Разрыв-травой, травою-повиликой
Мы прорастем по горькой, по великой,
По нашей кровью политой земле.
Чутким слухом поэта Слуцкий выделил три ключевые строки, сквозь которые можно увидеть и осмыслить всё творчество Павла в развитии, в высшей точке. К 1940 году деревья, символ жизни и детская память («одеты в дым каштаны», «цветут на Украине вишни», «И тополей пирамидальных/Готический собор в дыму») сменились травами, предвестьем гибели: «Упасть лицом на высохшие травы». «И травы предвидел – осенние», писала в воспоминаниях о Павле его жена Елена Ржевская. Смертоносные травы: «Ковыль-трава и разрыв-трава/И злая трава – полынь». С 1940 года достаточно лишь назвать траву – «что пыль, что полынь, что криница» – и сразу же, рифмой возникает образ собственной гибели: «И когда мне скомандует пуля: “Не торопиться”».
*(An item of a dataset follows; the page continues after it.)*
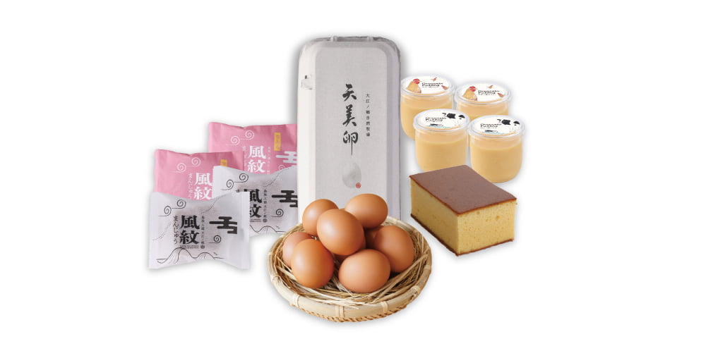 賞味期限 | 天美卵/生食14日間・加熱調理30日間(夏季は生食10日間・加熱調理30日間)、風紋まんじゅう/7日間、風紋まんじゅう芋あん/7日間、大江ノ郷熟成かすてら/14日間、大江ノ郷ぷりん/6日間 ※賞味期限および消費期限はすべて発送日を含めた日数 |
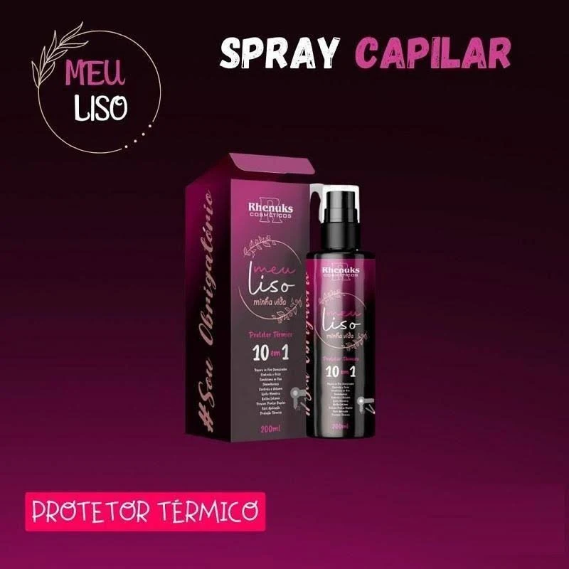 Spray Meu Liso Minha Vida Protetor Térmico 10 Em 1 Meu Liso Minha Vida Protetor Térmico meu Liso Minha Vida É Um Produto Multifuncional Desenvolvido Para Facilitar A Aplicação Nos Cabelos, Deixando-os Com Mais Brilho, Condicionados E Livre De Frizz. Sua Textura Leve Permite Que Os Agentes Nutritivos Sejam Absorvidos Pelos Cabelos Sem Deixá-los Pesados Ou Engordurados. Excelente Opção Para Atender As Mais Diversas Necessidades Como Controlar O Volume, Reparar Os Fios Danificados E Previnir As Pontas Duplas Do Cabelo, Com Ação Desembaraçante. Protegendo Do Calor Dos Secadores E Modeladores Térmicos. modo De Usar: aplique Sobre Os Cabelos Úmidos Ou Secos E Finalize Como Desejar. precauções: não Aplicar O Produto Se O Couro Cabeludo Estiver Irritado Ou Lesionado. em Contato Com Os Olhos, Lavar Com Água Em Abundância. em Caso De Hipersensibilidade Ou Irritação, Suspenda O Uso E Consulte Seu Médico. mantenha Fora Do Alcance Das Crianças E Animais. não Ingerir. mantenha O Produto Em Local Seco, Fresco E Ao Abrigo Da Luz. não Armazenar Em Temperatura Superior A 40c.

Белобилетник по зрению, он твёрдо знал, что уйдёт на большую войну и вернуться ему не суждено, – и ушёл, когда настало время, выучив таблицу окулиста, добившись признания годным. Закончил курсы военных переводчиков; под Новороссийском, где и так мясорубка, напросился от штабной работы – в разведпоиск. Без очков, разумеется, продолжая скрывать серьёзный для военного человека изъян, только в письме Нине Бать проговорился: «Очень меня мучает близорукость… Ну да ладно».
Малый остаток времени до войны побуждал «торопиться»: любить, родить ребёнка, увидеть свою страну целиком, много работать. В двадцать один год замахнуться на роман в стихах и четыре главы написать начисто. Заранее позаботиться о поэтическом некрологе для себя и собратьев-поэтов – об этом много лет спустя написал Борис Слуцкий:
Мы скинулись, собрались по рублю,
Все, с кем пишу, кого люблю,
И выпили, и мелем чепуху,
Но Павел вдруг торжественно встает:
– Давайте-ка напишем по стиху
На смерть друг друга. Год – как склад
Пороховой. Произведём обмен баллад
На смерть друг друга. Вдруг нас всех убьёт…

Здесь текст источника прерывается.